REQUIRED WORK: The output should match, line for line, the records from the line containing "I used the new" through the line containing "晚7:15,南京文化艺术中心", with every picture left out.

RECORDS TO PROCESS:

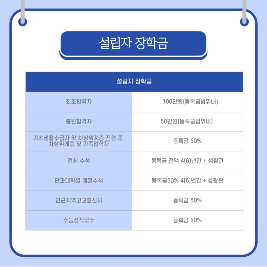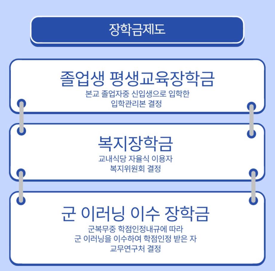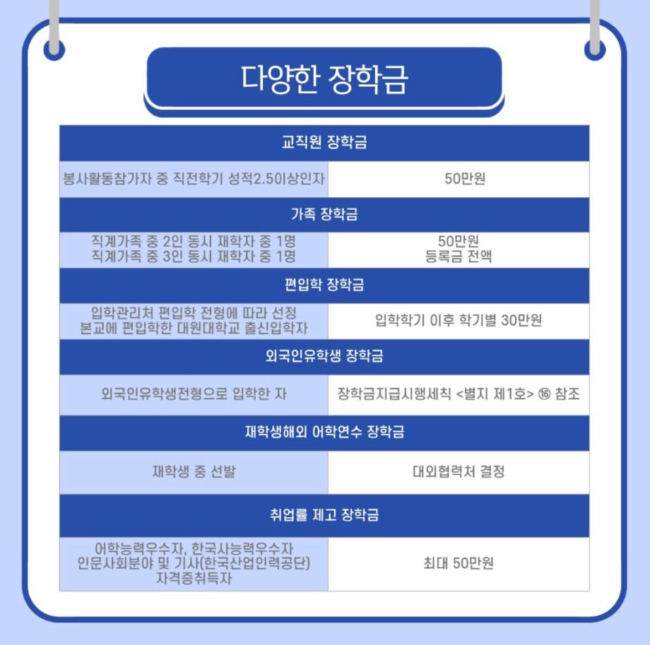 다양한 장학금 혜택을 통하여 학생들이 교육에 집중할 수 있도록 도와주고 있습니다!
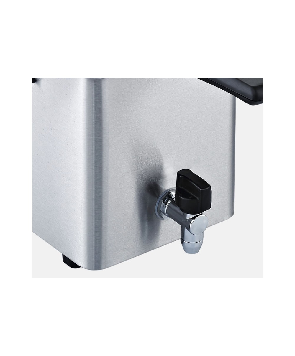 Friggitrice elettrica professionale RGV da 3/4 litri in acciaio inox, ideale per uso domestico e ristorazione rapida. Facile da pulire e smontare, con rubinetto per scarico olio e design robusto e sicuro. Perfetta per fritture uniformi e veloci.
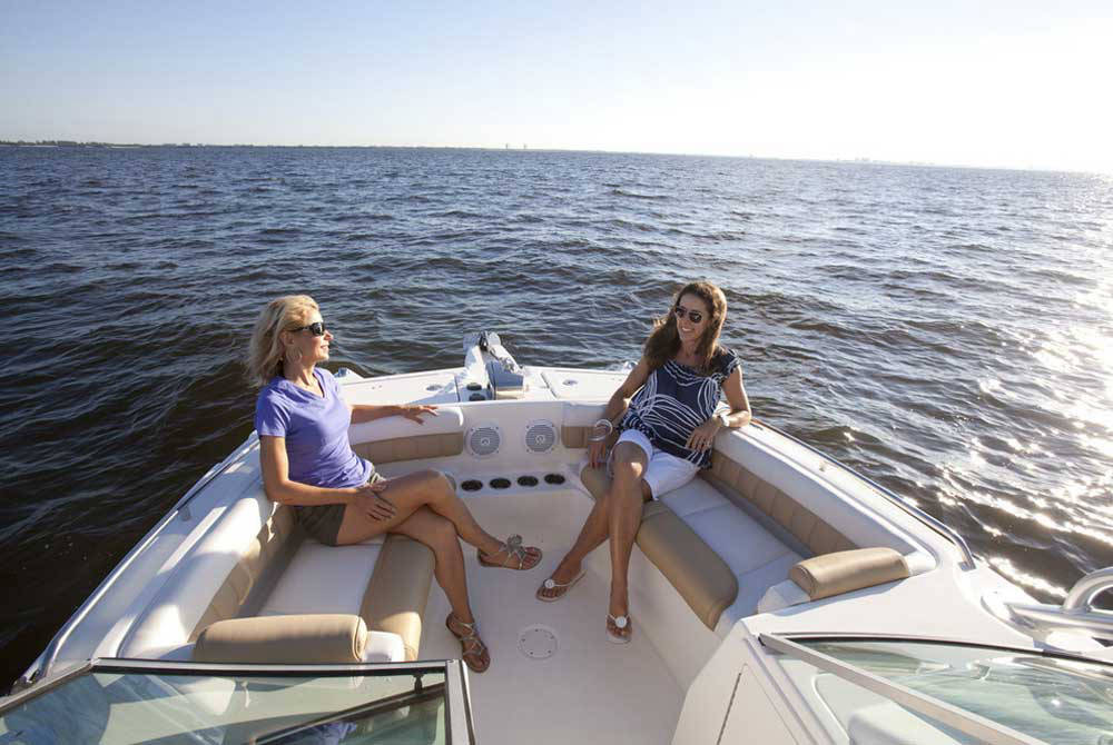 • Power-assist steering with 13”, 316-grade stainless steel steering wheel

==

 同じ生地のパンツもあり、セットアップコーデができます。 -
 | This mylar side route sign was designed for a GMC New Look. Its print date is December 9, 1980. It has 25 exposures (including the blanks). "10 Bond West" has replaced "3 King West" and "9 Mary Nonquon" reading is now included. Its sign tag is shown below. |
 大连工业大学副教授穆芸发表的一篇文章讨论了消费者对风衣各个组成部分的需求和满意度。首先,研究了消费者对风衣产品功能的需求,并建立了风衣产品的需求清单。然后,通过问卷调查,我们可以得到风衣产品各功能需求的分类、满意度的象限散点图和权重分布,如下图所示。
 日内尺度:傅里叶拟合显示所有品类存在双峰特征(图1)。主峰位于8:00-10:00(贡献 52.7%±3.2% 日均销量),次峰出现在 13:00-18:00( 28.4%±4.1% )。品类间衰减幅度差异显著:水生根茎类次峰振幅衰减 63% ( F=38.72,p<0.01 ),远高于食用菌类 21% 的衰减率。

--

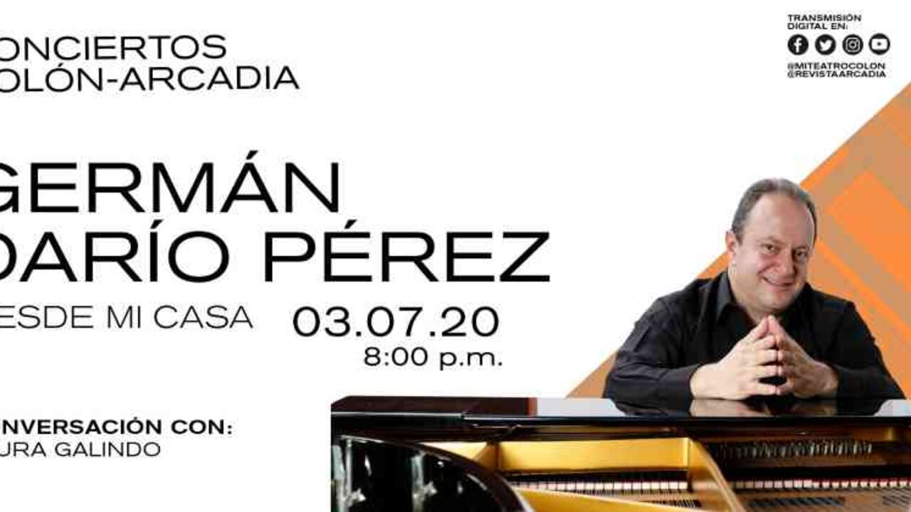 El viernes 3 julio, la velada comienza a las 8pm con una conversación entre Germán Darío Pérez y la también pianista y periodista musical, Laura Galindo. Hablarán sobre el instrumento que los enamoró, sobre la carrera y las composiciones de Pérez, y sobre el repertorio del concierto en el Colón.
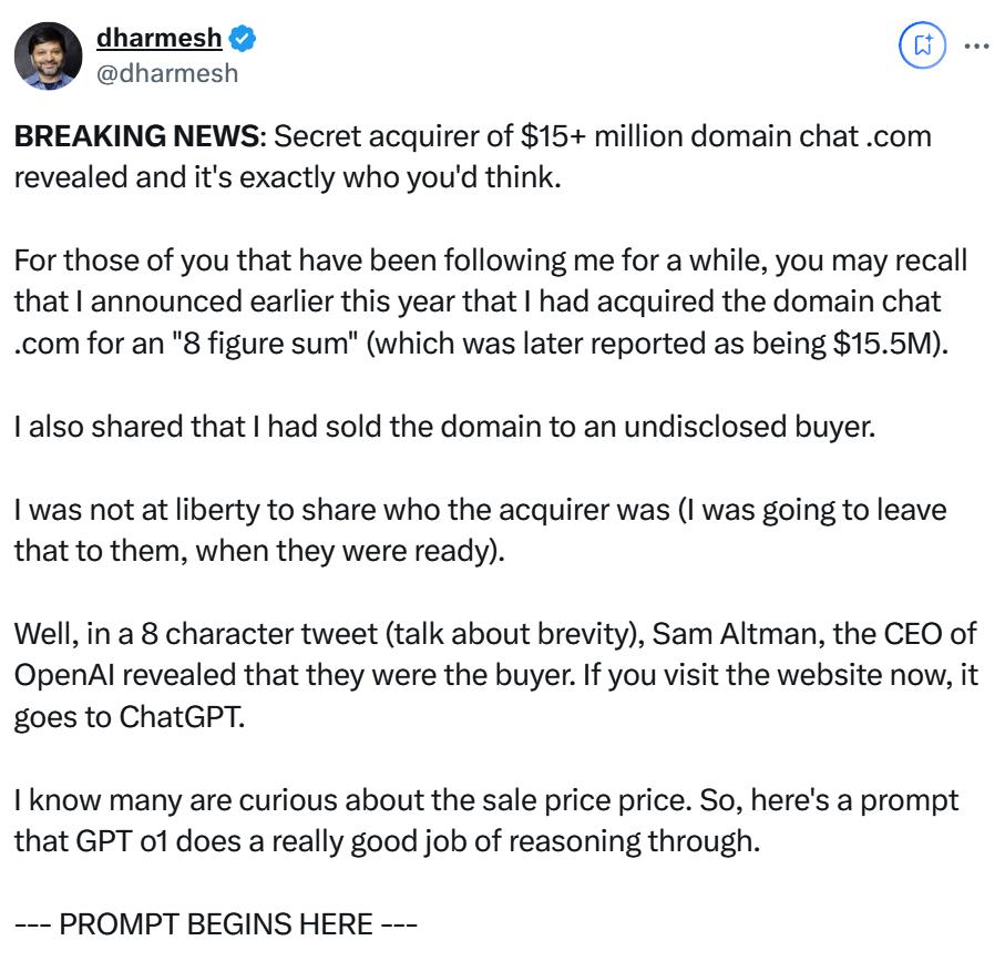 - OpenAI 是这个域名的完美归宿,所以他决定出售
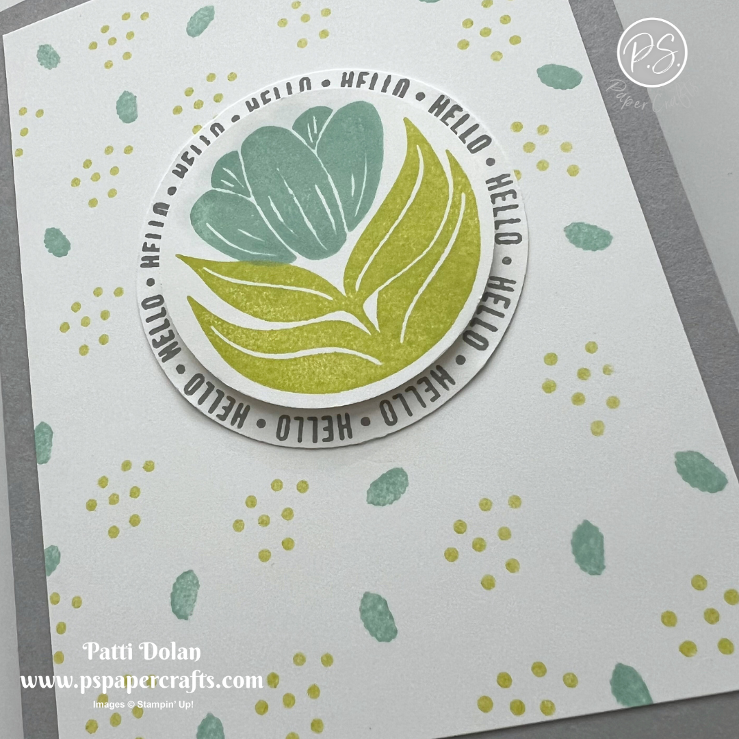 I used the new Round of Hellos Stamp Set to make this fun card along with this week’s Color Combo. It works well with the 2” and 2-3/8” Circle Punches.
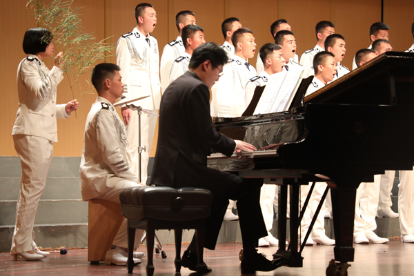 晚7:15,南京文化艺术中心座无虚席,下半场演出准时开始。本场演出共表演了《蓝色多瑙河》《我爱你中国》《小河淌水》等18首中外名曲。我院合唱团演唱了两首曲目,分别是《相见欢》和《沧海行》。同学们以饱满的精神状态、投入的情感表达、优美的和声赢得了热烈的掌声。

ANSWER FOR THE TASK:
 I used the new Round of Hellos Stamp Set to make this fun card along with this week’s Color Combo. It works well with the 2” and 2-3/8” Circle Punches.
 晚7:15,南京文化艺术中心座无虚席,下半场演出准时开始。本场演出共表演了《蓝色多瑙河》《我爱你中国》《小河淌水》等18首中外名曲。我院合唱团演唱了两首曲目,分别是《相见欢》和《沧海行》。同学们以饱满的精神状态、投入的情感表达、优美的和声赢得了热烈的掌声。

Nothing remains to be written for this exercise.